Donc l’idée biblique de la liberté n’est pas de ne pas avoir un maitre, mais de ne pas avoir un maitre impropre. Le pharaon n’était pas le maitre légitime d’Israël et le servir était l’esclavage, alors que servir Yahweh était la liberté parce qu’il était leur Dieu. De même, c’est contre nature que l’homme soit soumis au péché, mais il est libre lorsqu’il sert Jésus, le chef de l’humanité designé par Dieu.
On peut être tenté à imaginer que l’on serait encore plus libre si on n’avait aucun maitre. Mais un homme libéré de Dieu est comme un nourrisson libéré de sa maman ou un poisson libéré de l’eau. Nous n’avons pas été créés pour être indépendants de Dieu, et séparés de lui, nous ne pouvons pas vivre réellement. Donc la vraie liberté est de vivre pleinement dans le Dieu qui nous a créés pour que nous trouvions notre bonheur dans son amour infini.
Est-il juste de défendre ses droits par tous les moyens ?
La Bible est très clair dans sa condemnation de ceux qui méprisent les droits des autres et oppriment les vulnérables dans la société (Ex 22.22, Ps 94.6). Elle est également claire sur l’obligation des autorités dans la société de défendre ces mêmes vulnérables (Dt 24.17, És 1.17). Par contre, ceux qui sont opprimés ne sont pas autorisés à mettre terme à l’oppression par tous les moyens. Ils sont plutôt encouragés à porter plainte à Dieu et à souffrir patiemment. Le psaumiste affirme, « Le père des orphelins, le défenseur des veuves, c’est Dieu dans sa sainte demeure, » (Ps 68.6) et Pierre encourage les fidèles :
Ainsi, que ceux qui souffrent selon la volonté de Dieu s’en remettent à lui comme au fidèle Créateur, en faisant ce qui est bien […] Après que vous aurez souffert un peu de temps, il vous rétablira lui-même, vous affermira, vous fortifiera, vous rendra inébranlables.
1 Pi 4.19, 5.10
Cette patience face à l’injustice est possible pour deux raisons (au moins). La première est que notre existence n’est pas limitée à cette vie terrestre. Toutes les experiences dans ce monde, qu’elles soient bonnes ou mauvaises, ont une durée très limitées, et une importance bien rélativisées face à l’éternité. Alors Jésus dit, « Ne vous amassez pas des trésors sur la terre, où les mites et la rouille détruisent et où les voleurs percent les murs pour voler, mais amassez-vous des trésors dans le ciel, où les mites et la rouille ne détruisent pas et où les voleurs ne peuvent pas percer les murs ni voler ! » (Mt 6.19-20).

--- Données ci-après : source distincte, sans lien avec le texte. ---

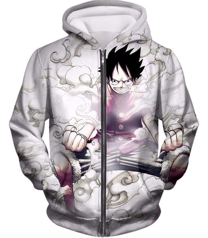 One Piece Hoodie – One Piece Pirate Hero Monkey D Luffy Action White Hoodie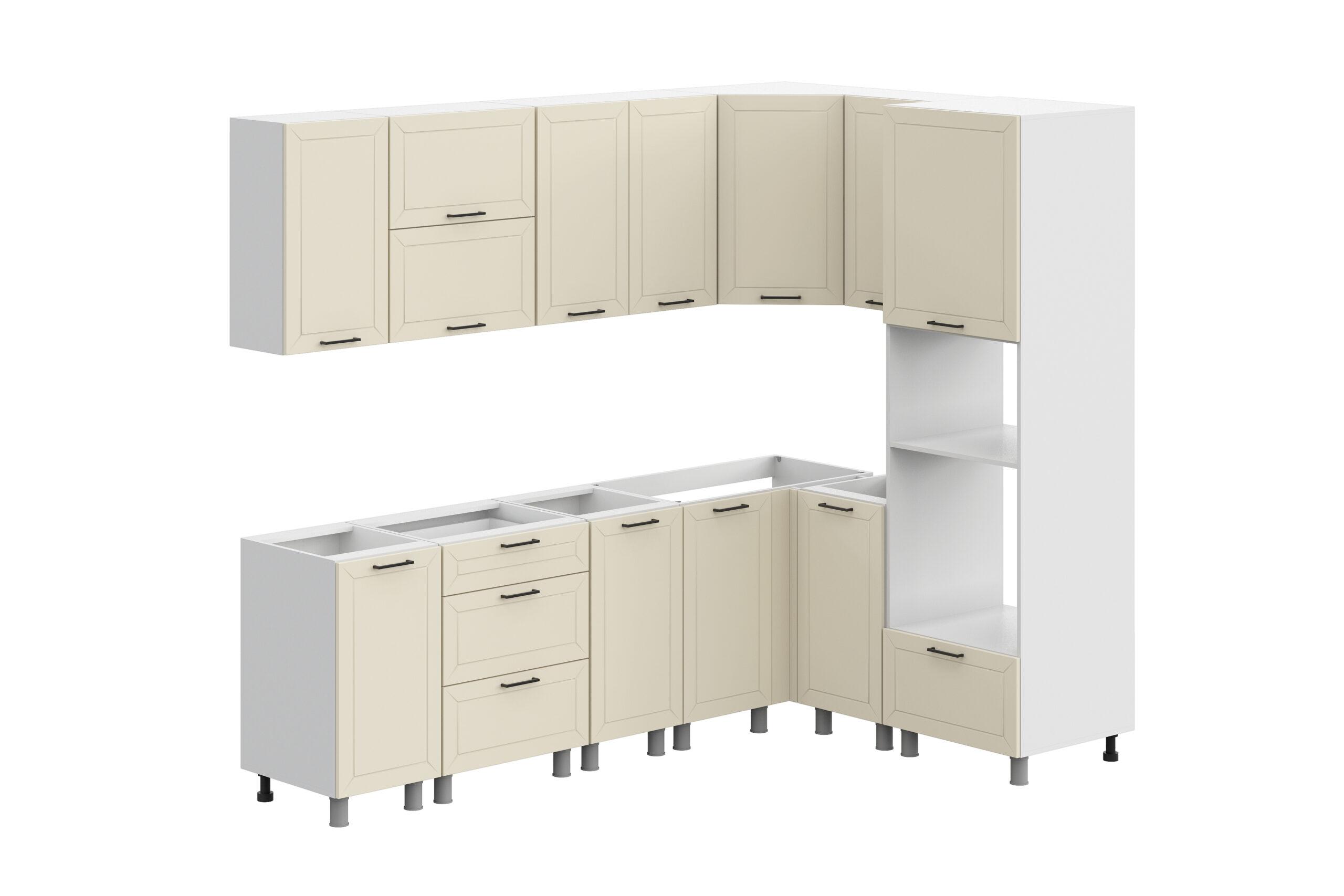 Также учтите, что в состав кухонного гарнитура входит фальшпанель толщиной 16 мм, поэтому длину столешницы следует увеличить на 5 см при заказе.

La deuxième raison pour laquelle il est possible de supporter l’injustice de ce monde est que nous suivons ainsi l’exemple de Jésus Christ, comme Pierre nous explique :
En effet, il vaut mieux souffrir, si telle est la volonté de Dieu, en faisant le bien qu’en faisant le mal. Christ aussi a souffert, et ce une fois pour toutes, pour les péchés. Lui le juste, il a souffert pour des injustes afin de vous conduire à Dieu. Il a souffert une mort humaine, mais il a été rendu à la vie par l’Esprit.
1 Pi 3.17-18
Si Jésus qui était Fils de Dieu a pu accepter une telle souffrance en faisant confiance à son Père, nous qui sommes ses disciples, nous pouvons souffrir à notre tour, attendant le jour inévitable où Dieu tiendra sa promesse et interviendra pour nous.